= Beginning of Section =

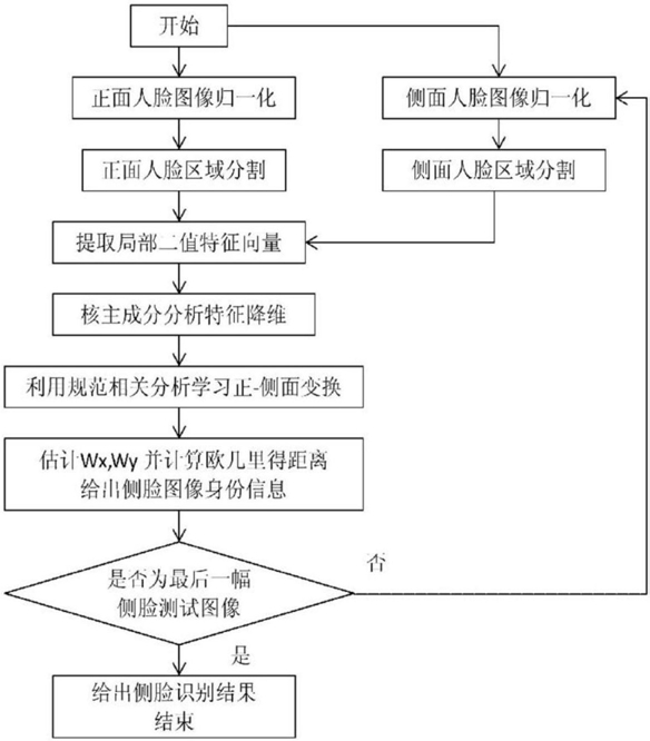 步骤D的详细过程为:通过基于核主成分分析的线性多项式和高斯内核来降低两个姿态的维数从而满足(p+q)<199这一必要条件,使用199个采集于FERET数据库中的人脸样本来学习正面-侧面变换并对Wx和Wy进行估计,并且将待检测脸部图像的正面部分和侧脸部分一起通过Wy和Wx投影到规范空间上进行比较;
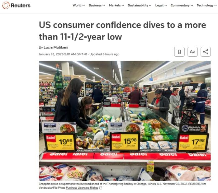 世界大型企业研究会分析指出,在创下逾11年半来新低的背后,是美国民众对疲弱劳动力市场和高物价担忧不断加剧,这可能促使家庭支出更加谨慎。
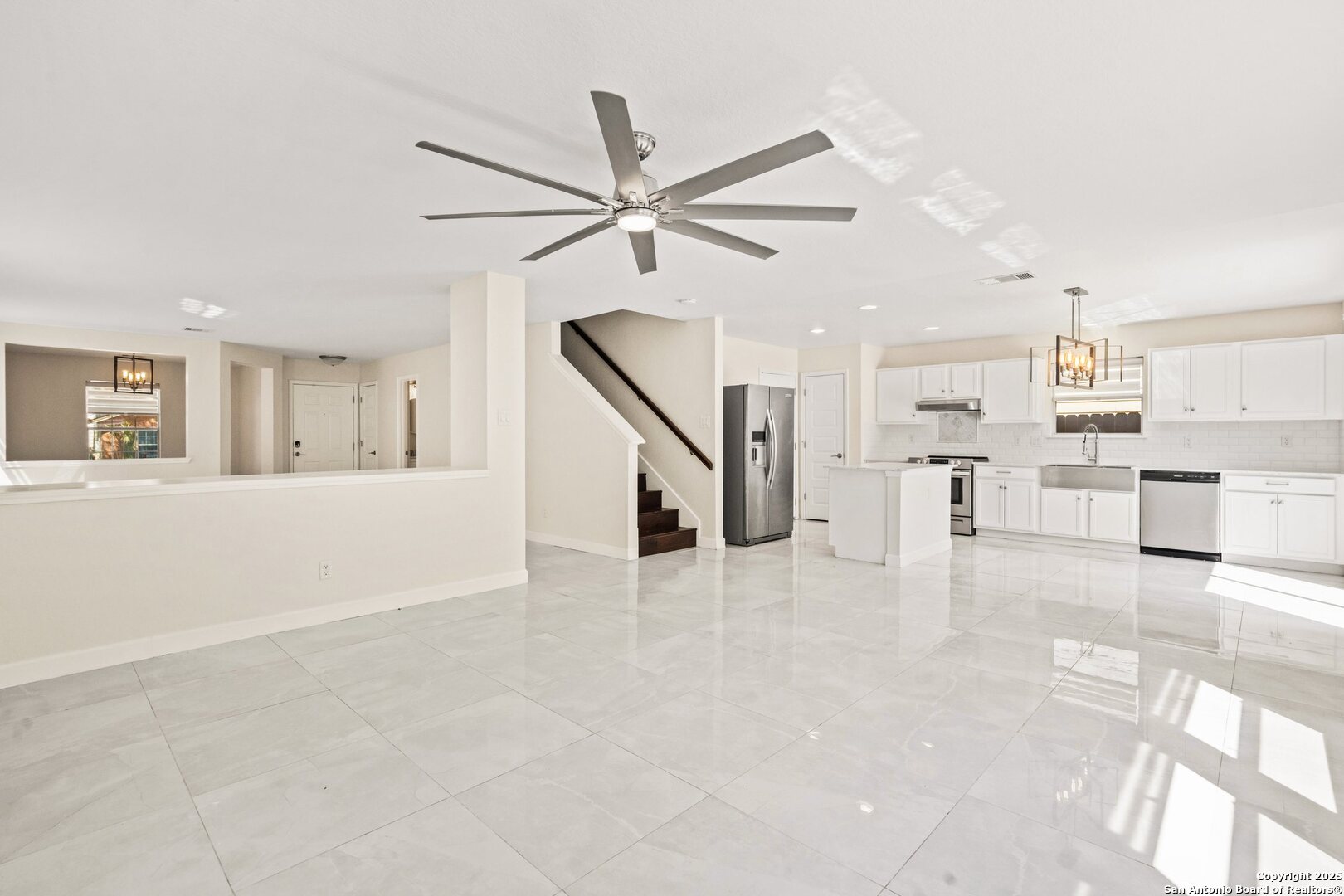 Recently updated home in the serene neighborhood of Bristol Place. This home offers a light and bright open floor plan with plenty of space for everyday living. The layout includes a formal living room and a large second living area that flows into the dining space and kitchen. The island kitchen features a farm sink, stainless steel appliances, quartz countertops, painted soft-close cabinets, a pantry, and outside access-making it both functional and stylish. All bedrooms are located on the second floor. The spacious primary suite includes a full bath, while additional bedrooms provide flexibility for family or guests. Updates made in 2020 include fresh interior paint, replaced doors, new flooring, remodeled bathrooms, and a redesigned kitchen with modern finishes. Outside, you'll find a patio and privacy fence. Conveniently located near a park, shopping, and quick access to I-35, 410, and more. Schedule your personal tour today!
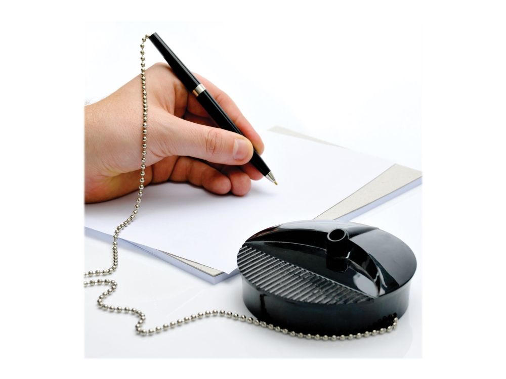 Discover the practicality and durability of the Fellowes countertop ballpoint pen, a must-have for any high-traffic area. This pen is designed to withstand continuous use, thanks to its refillable feature and smooth writing capability. The anti-wander chrome chain (52 cm) and black plastic pen stand ensure the pen is always secure and within reach. Ideal for settings such as banks, reception areas, and service desks, this pen combines functionality with convenience, making it a reliable choice for daily operations. Its refillable nature not only offers a seamless writing experience but also aligns with sustainable practices by minimizing waste. Choose the Fellowes countertop ballpoint pen for a dependable and eco-friendly writing solution.

= End of Section =

**Assigned task**. Write out the material above exactly. Skip the pictures.

**Output for this exercise**.
 步骤D的详细过程为:通过基于核主成分分析的线性多项式和高斯内核来降低两个姿态的维数从而满足(p+q)<199这一必要条件,使用199个采集于FERET数据库中的人脸样本来学习正面-侧面变换并对Wx和Wy进行估计,并且将待检测脸部图像的正面部分和侧脸部分一起通过Wy和Wx投影到规范空间上进行比较;
 世界大型企业研究会分析指出,在创下逾11年半来新低的背后,是美国民众对疲弱劳动力市场和高物价担忧不断加剧,这可能促使家庭支出更加谨慎。
 Recently updated home in the serene neighborhood of Bristol Place. This home offers a light and bright open floor plan with plenty of space for everyday living. The layout includes a formal living room and a large second living area that flows into the dining space and kitchen. The island kitchen features a farm sink, stainless steel appliances, quartz countertops, painted soft-close cabinets, a pantry, and outside access-making it both functional and stylish. All bedrooms are located on the second floor. The spacious primary suite includes a full bath, while additional bedrooms provide flexibility for family or guests. Updates made in 2020 include fresh interior paint, replaced doors, new flooring, remodeled bathrooms, and a redesigned kitchen with modern finishes. Outside, you'll find a patio and privacy fence. Conveniently located near a park, shopping, and quick access to I-35, 410, and more. Schedule your personal tour today!
 Discover the practicality and durability of the Fellowes countertop ballpoint pen, a must-have for any high-traffic area. This pen is designed to withstand continuous use, thanks to its refillable feature and smooth writing capability. The anti-wander chrome chain (52 cm) and black plastic pen stand ensure the pen is always secure and within reach. Ideal for settings such as banks, reception areas, and service desks, this pen combines functionality with convenience, making it a reliable choice for daily operations. Its refillable nature not only offers a seamless writing experience but also aligns with sustainable practices by minimizing waste. Choose the Fellowes countertop ballpoint pen for a dependable and eco-friendly writing solution.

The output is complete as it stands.